The fix introduces a gcs_page_prot variable that dynamically stores the appropriate protection bits, clearing PTE_SHARED when LPA2 is detected as enabled. This approach mirrors the existing handling in the kernel's protection_map[] array. Additionally, the unused PAGE_GCS and PAGE_GCS_RO macros were removed to prevent future misuse.
Attack Vector
The vulnerability is triggered during normal kernel memory management operations involving GCS mappings on affected systems. The call trace from the panic report shows the fault occurring in the zap_huge_pmd() function during memory unmapping operations:
The crash occurs through the following execution path:
- gcs_free() initiates GCS memory cleanup
- vm_munmap() → __vm_munmap() → do_vmi_munmap() process the unmapping request
- unmap_vmas() → unmap_single_vma() → unmap_page_range() traverse the VMA structures
- zap_huge_pmd() attempts to zap a huge PMD entry and encounters the corrupted PTE
- The invalid address computation triggers a level 0 translation fault (FSC = 0x04)
This vulnerability requires local access to trigger, as it manifests during process exit or explicit memory deallocation on systems with GCS enabled.

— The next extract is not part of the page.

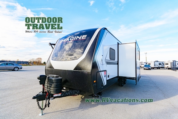 Just imagine leaving the world behind and secluding yourself away with your favorite people in your Grand Design Imagine travel trailer! The Imagine has been designed to enjoy camping and includes a high-capacity furnace, a heated and enclosed underbelly with suspended tanks, a designated heat duct to the subfloor, and a high-density roof insulation with attic vent. You'll have a large panoramic window to let natural lighting in and an adjustable Power Awning with LED Lights for those night gatherings. The exclusive drop-frame pass-through storage compartment is going to allow you to bring along lots of equipment, and the universal docking station is an all-in-one location for utilities and hook-ups. You'll also have oversized tank capacities so that you can fill and empty your tanks less often.

Detection Methods for CVE-2026-23345
Indicators of Compromise
- Kernel panic messages containing "Unable to handle kernel paging request" with addresses in the fffff1ffc* range
- ESR values of 0x0000000096000004 indicating DABT (Data Abort) at current EL with level 0 translation fault
- Call traces showing zap_huge_pmd, gcs_free, or mm_release function involvement
- System crashes occurring specifically when processes using GCS exit or free GCS memory
Detection Strategies
- Monitor kernel logs (dmesg, /var/log/kern.log) for "level 0 translation fault" errors on arm64 systems
- Deploy monitoring for unexpected kernel panics with call traces involving gcs_* functions
- Audit system configuration for FEAT_LPA2 and GCS enablement on arm64 platforms
- Implement crash dump analysis to identify PTE-related faults in GCS memory regions
Monitoring Recommendations
- Enable kdump or similar crash dump mechanisms to capture diagnostic data during kernel panics
- Configure alerting for kernel oops messages containing arm64-specific GCS or LPA2 references
- Monitor system stability metrics on arm64 servers running kernel versions prior to the patch
- Review application logs for processes that may be using GCS features and experiencing unexpected terminations
How to Mitigate CVE-2026-23345
Immediate Actions Required
- Update to a patched Linux kernel version containing the GCS/LPA2 fix
- On unpatched systems, consider disabling GCS if operational requirements permit
- Review arm64 deployment configurations to identify systems with both FEAT_LPA2 and GCS enabled
- Prioritize patching for systems running workloads that utilize Guarded Control Stack features
Patch Information
The Linux kernel maintainers have released patches to address this vulnerability. The fix introduces a gcs_page_prot variable that stores the protection bits and conditionally clears PTE_SHARED when LPA2 is enabled. The following commits contain the fix:
Apply the appropriate patch for your kernel version and rebuild or update the kernel package.
Workarounds
- Disable Guarded Control Stack features via kernel configuration (CONFIG_ARM64_GCS=n) if not required for security purposes
- Consider disabling FEAT_LPA2 if operationally feasible, though this may impact systems requiring 52-bit virtual address space
- Implement process isolation to limit exposure of GCS-using applications on affected systems
- Deploy kernel live patching solutions if available to apply fixes without system reboots
# Check if your arm64 system has LPA2 enabled
cat /proc/cpuinfo | grep -i lpa2
# Verify GCS configuration in kernel
zcat /proc/config.gz | grep ARM64_GCS
# Monitor for related kernel panics
dmesg -w | grep -E "(translation fault|gcs_|PTE_SHARED)"
Disclaimer: This content was generated using AI. While we strive for accuracy, please verify critical information with official sources.